Метелло - [37]

Шрифт
Интервал

— Все равно эти негодяи ничего не добьются! — отвечал Роини, тащивший Эрсилию за руку. — Ну же, поторапливайся, мы еще успеем дойти до мастерской.

Эрсилия вырвала руку.

— Они правы! — повторила она.

— Пойми меня хорошенько, Эрсилия! Ты должна слушаться. Ведь я пока что еще твой хозяин, а кроме того, уже почти муж. Мы ведь только что огласили нашу помолвку…

— Да?! — воскликнула она, рассмеявшись ему в лицо. — Можешь ее расторгнуть, и не смей думать, что я когда-нибудь стану твоей женой. Девушке из Сан-Фредиано нужен не такой муж!

И как раз в этот момент — не всегда ведь сумеешь объяснить течение своих мыслей — она почему-то вспомнила о Метелло и так живо представила его себе, словно он был тут, рядом. Ей даже показалось, что она снова слышит его голос: «…Здесь они даже ремней и шнурков у нас не отбирали».


Предместье Сан-Фредиано, несмотря на то, что в самом центре его теперь возвышалась церковь Санта-Мария дель Кармине, а дома тянулись уже до склонов холма Беллосгуардо, мало отличалось от описания, сделанного за пятнадцать лет до происходивших событий. Автор этого описания, рискнувший пройтись по улицам и площадям предместья, с воодушевлением миссионера и отвагой исследователя «открывал» Сан-Фредиано для самих флорентийцев.

Многовековая нищета продолжала царить здесь и после того, как было разрушено Старое гетто. Ни лачуги Сан-Никколо, ни маленькие «Дворы чудес», прилегающие к церквам Санта-Кроче и Сан-Лоренцо, не могли идти ни в какое сравнение с Сан-Фредиано. В глазах всех уважаемых флорентийских граждан Сан-Фредиано было самым темным и постыдным пятном, самым больным местом с точки зрения эстетики и морали. Таким же оно являлось и с точки зрения просвещения, гигиены и, как тогда было принято говорить, социальной справедливости. Только мост, а в некоторых местах — просто улица отделяли флорентийцев от этой клоаки, и тем не менее для них Сан-Фредиано было неисследованной территорией, неведомой республикой. Одна перспектива попасть туда приводила их в ужас.

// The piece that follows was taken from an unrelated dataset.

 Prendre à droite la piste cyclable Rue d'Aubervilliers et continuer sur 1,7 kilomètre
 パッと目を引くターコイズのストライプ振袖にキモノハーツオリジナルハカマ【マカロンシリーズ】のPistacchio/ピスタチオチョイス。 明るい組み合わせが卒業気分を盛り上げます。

«По ту сторону Арно есть предместье, где фасады многих домов — если можно так назвать страшные лачуги — наполовину обвалились и сплошь покрыты плесенью и отвратительными пятнами, сточные трубы настолько ветхи, что из них на улицу выливается черный поток, наводняющий ее и заражающий все своим зловонием; он несет грязь и всякого рода нечистоты, оседающие в виде ила на всем его протяжении. Названия этих улочек звучат непривычно даже для флорентийских старожилов. Не многие из них слышали что-либо об улицах Сакра, Мура ди Сан-Рокко, Мальборгетто; виа дель Леоне, Кампуччо. Здесь немало полуразрушенных домов с потрескавшимися во всех направлениях стенами, с покосившимися дверными и оконными рамами. В эти дома не входят через двери, в них скорее вползают, подобно пресмыкающимся, через отверстия, образовавшиеся в стенах. Коридоры настолько узки, что, если расправить плечи, можно коснуться стен локтями. Эти домишки разделены на однокомнатные и двухкомнатные квартиры. Кажется, что лачуги того и гляди рассыпятся и завалят улицы грудами кирпича и штукатурки».

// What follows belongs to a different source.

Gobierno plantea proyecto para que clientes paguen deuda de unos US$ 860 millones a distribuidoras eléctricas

Таким было Сан-Фредиано. А его обитатели?

«В этом предместье полиция не отваживается появляться для проведения своих операций иначе, как отрядами в двенадцать-четырнадцать человек, потому что малейшее происшествие может заставить в одно мгновение высыпать на улицу сотни разъяренных женщин и мужчин. Поверьте мне, что там имеется несколько улиц, полностью изолированных от обычной городской жизни и закрытых даже для уличного движения. Они кишмя кишат ворами и их сообщниками, тут собралась вся нечисть, весь сброд, отребье и подонки города».

Это был родной район старого Пестелли, а Какус обрел там своего лучшего друга — того самого Леопольдо, циркового гимнаста и владельца кафе, который однажды, чтобы помочь Кафьеро скрыться, бросился на гнавшихся за ним агентов, схватил их за отвороты пиджаков и, приподняв в воздухе, стукал лбами, словно двух марионеток, до тех пор, пока головы шпиков не повисли набок, точь-в-точь как у кукол.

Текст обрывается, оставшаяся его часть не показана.